⟨

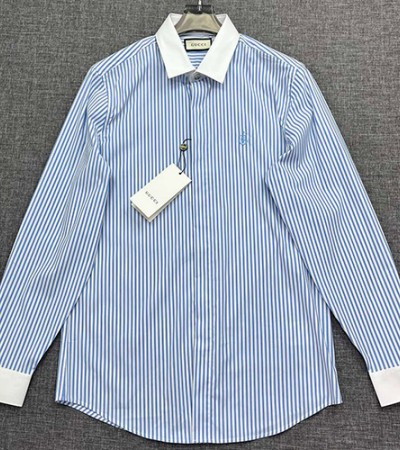[홍콩명품.Gucci] 구찌 24SS 로고 자수 스트라이프 남방 셔츠 (스카이블루), BM16220, JQ, 홍콩명품의류,구매대행,온라인명품 > 남자의류
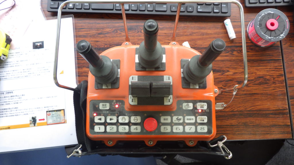 これがバックホウのラジコンです。真ん中の二つがキャタピラのレバー、左右の長細いレバーは通常の重機操作と同じ左右のレバー、真ん中は油圧アタッチメントを取り付けた場合のレバーです。
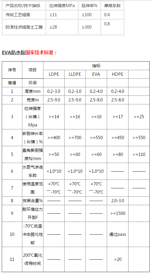 糙面防水板具有优异的温度适应性,可焊接性,耐候性和良好的抗老化性、耐化学腐蚀性、耐环境应力开裂性能及抗戳穿性能。产品分为单糙面和双糙面。
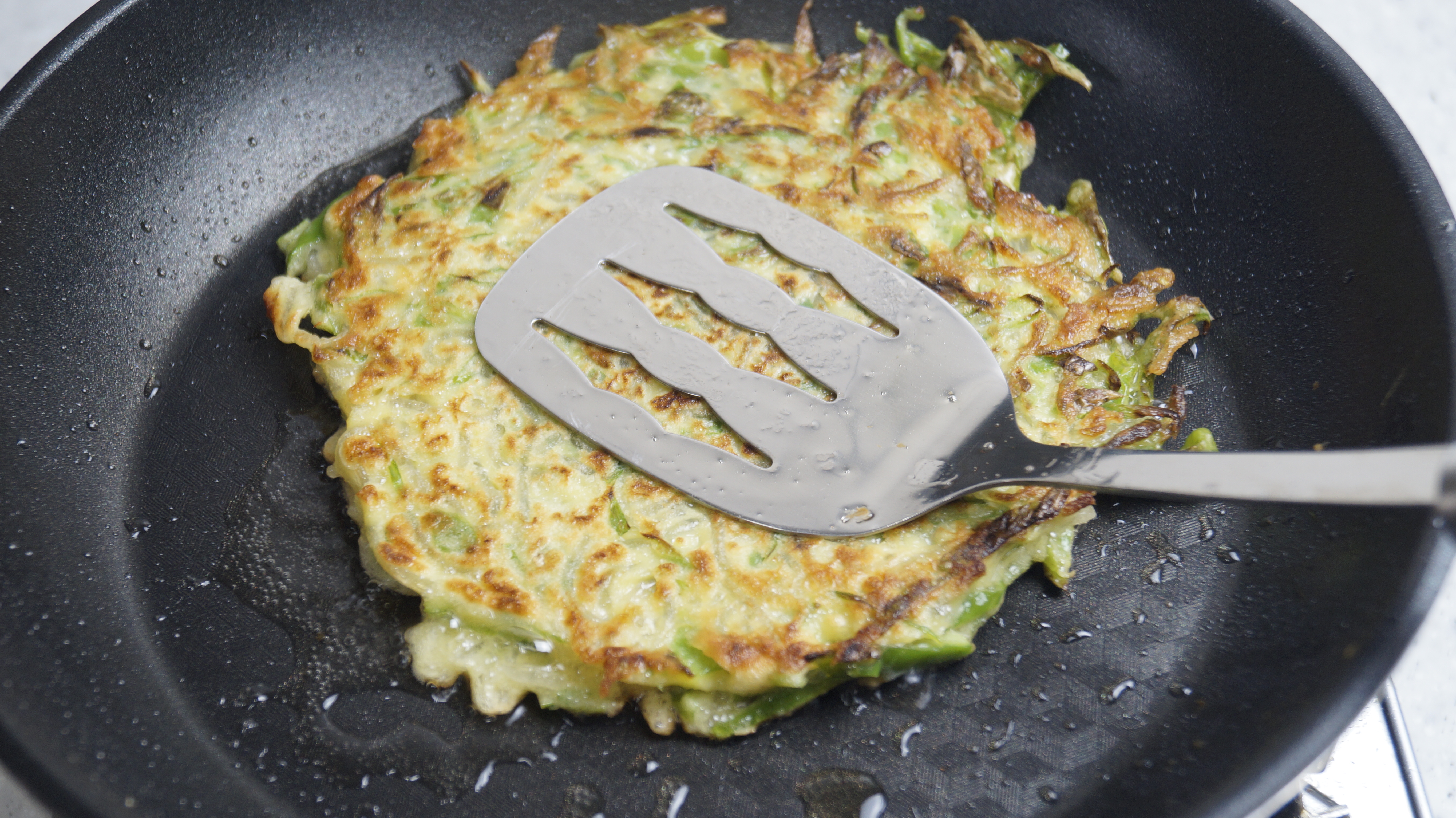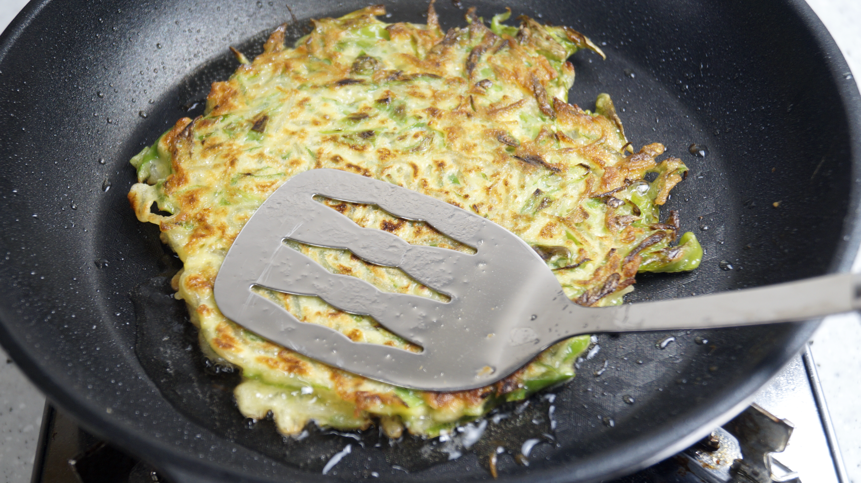 17. 1~2분에 한번씩 뒤집어 주시면서 대략 4~5분을 구워주세요. 뒤집을 때마다 살짝살짝 눌러 주시면 전이 좀더 얇고 넓게 펴질 뿐 아니라 아래 부분과 재료가 머금은 수분까지 배출되서 좀더 바삭한 전을 부칠수 있답니다.
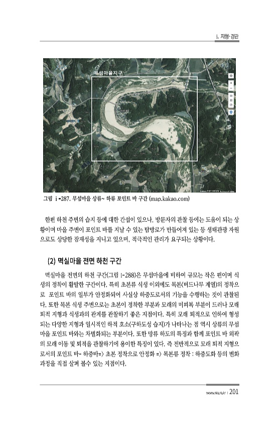 i. 지형·경관 www.nie.re.kr ?201 그림 ⅰ-287. 무섬마을 상류하류 포인트 바 구간 map.kakao.com 한편 하천 주변의 습지 등에 대한 간섭이 있으나, 방문자의 관찰 등에는 도움이 되는 상 황이며 마을 주변이 포인트 바를 지날 수 있는 탐방로가 만들어져 있는 등 생태관광 자원 으로도 상당한 잠재성을 지니고 있으며, 적극적인 관리가 요구되는 상황이다. 2 멱실마을 전면의 하천 구간 그림 i-288 은 무섬마을에 비하여 규모는 작은 편이며 식 생의 정착이 활발한 구간이다. 특히 초본류 식생 이외에도 목본 버드나무 계열 의 정착으 로 포인트 바의 일부가 안정화되어 사실상 하중도로서의 기능을 수행하는 것이 관찰된 다. 또한 목본 식생 주변으로는 초본이 정착한 부분과 모래의 미피복 부분이 드...
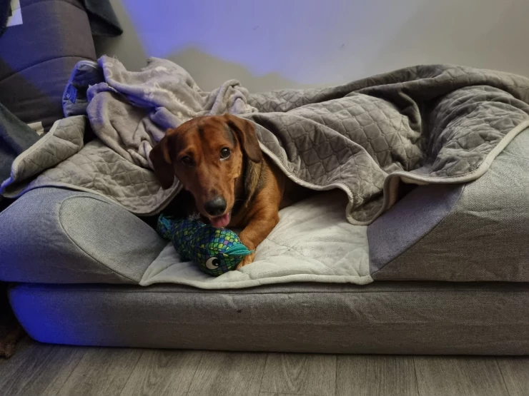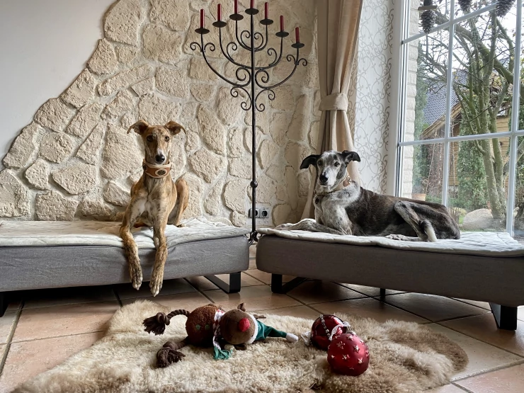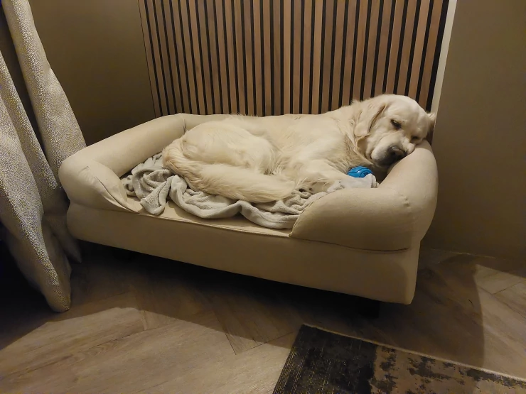 Caption: I nostri cani linus e marley sono stati subito entusiasti delle cucce. sono di alta qualità e offrono ai nostri cani di grossa taglia uno spazio sufficiente per riposare dopo le loro passeggiate. molto decorative Luxusbeds!
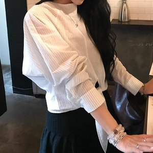 EAR R 松弛条纹 清透韩系插肩袖绑带衬衣女秋宽松廓形防晒衬衫
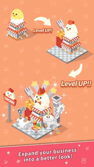 通过提升等级来扩大餐厅规模。自动收集利润,利润增加的同时,餐厅外观会更具魅力!
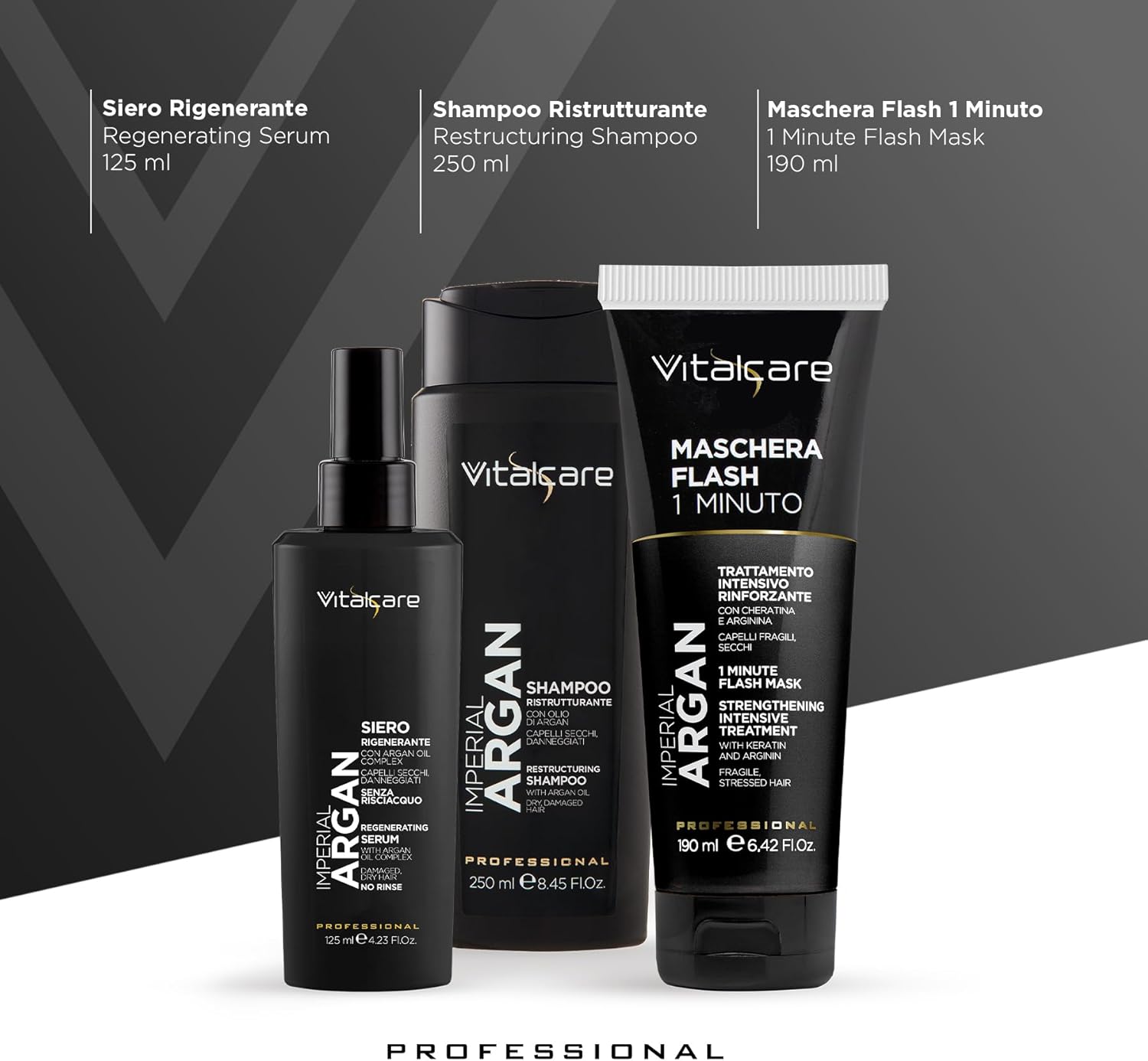 VITALCARE | Gift Set Argan - Shampoo 250ml + Siero 125 ml + Maschera Flash 190ml
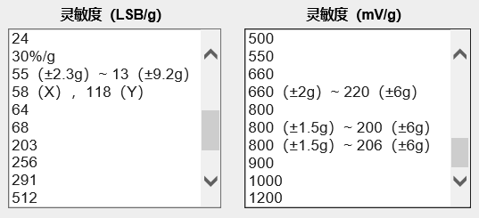 灵敏度(LSB/g)主要针对数字输出加速度传感器,代表一个重力加速度(g)下,输出能区分多少位LSB。上面已经根据应用要求推导出,假设应用要求最小分辨率为1°,灵敏度需要大于58LSB/g。那么可以根据这一结果直接在参数栏里选择。
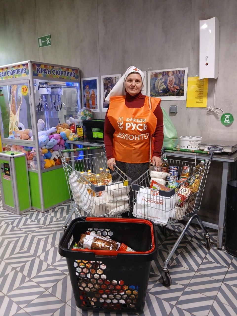 Сестры и добровольцы Православной Службы Милосердия отдела социального служения 20 марта с 16.00-20:00, 21 марта с 12:00-18:00 будут ждать вас с корзинами, куда после оплаты можно будет пожертвовать продукты питания длительного хранения: муку, консервы, чай, сахар.
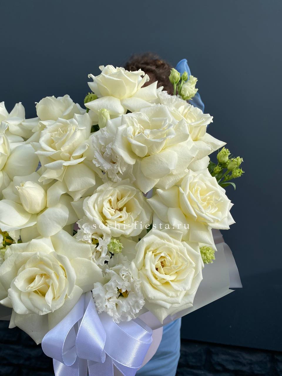 Состав: белые розы, эустома, цилиндр D13, эвкалипт, лента, упаковка.

⟩

WHAT TO DO | No pictures should appear; only the lines from the first line of the records through the line with "通过提升等级来扩大餐厅规模。自动收集利润,利润增加的同时,餐厅外观会更具魅力!", both included, are to be restated word for word.

ANSWER SPACE |
[홍콩명품.Gucci] 구찌 24SS 로고 자수 스트라이프 남방 셔츠 (스카이블루), BM16220, JQ, 홍콩명품의류,구매대행,온라인명품 > 남자의류
 これがバックホウのラジコンです。真ん中の二つがキャタピラのレバー、左右の長細いレバーは通常の重機操作と同じ左右のレバー、真ん中は油圧アタッチメントを取り付けた場合のレバーです。
 糙面防水板具有优异的温度适应性,可焊接性,耐候性和良好的抗老化性、耐化学腐蚀性、耐环境应力开裂性能及抗戳穿性能。产品分为单糙面和双糙面。
 17. 1~2분에 한번씩 뒤집어 주시면서 대략 4~5분을 구워주세요. 뒤집을 때마다 살짝살짝 눌러 주시면 전이 좀더 얇고 넓게 펴질 뿐 아니라 아래 부분과 재료가 머금은 수분까지 배출되서 좀더 바삭한 전을 부칠수 있답니다.
 i. 지형·경관 www.nie.re.kr ?201 그림 ⅰ-287. 무섬마을 상류하류 포인트 바 구간 map.kakao.com 한편 하천 주변의 습지 등에 대한 간섭이 있으나, 방문자의 관찰 등에는 도움이 되는 상 황이며 마을 주변이 포인트 바를 지날 수 있는 탐방로가 만들어져 있는 등 생태관광 자원 으로도 상당한 잠재성을 지니고 있으며, 적극적인 관리가 요구되는 상황이다. 2 멱실마을 전면의 하천 구간 그림 i-288 은 무섬마을에 비하여 규모는 작은 편이며 식 생의 정착이 활발한 구간이다. 특히 초본류 식생 이외에도 목본 버드나무 계열 의 정착으 로 포인트 바의 일부가 안정화되어 사실상 하중도로서의 기능을 수행하는 것이 관찰된 다. 또한 목본 식생 주변으로는 초본이 정착한 부분과 모래의 미피복 부분이 드...
 Caption: I nostri cani linus e marley sono stati subito entusiasti delle cucce. sono di alta qualità e offrono ai nostri cani di grossa taglia uno spazio sufficiente per riposare dopo le loro passeggiate. molto decorative Luxusbeds!
 EAR R 松弛条纹 清透韩系插肩袖绑带衬衣女秋宽松廓形防晒衬衫
 通过提升等级来扩大餐厅规模。自动收集利润,利润增加的同时,餐厅外观会更具魅力!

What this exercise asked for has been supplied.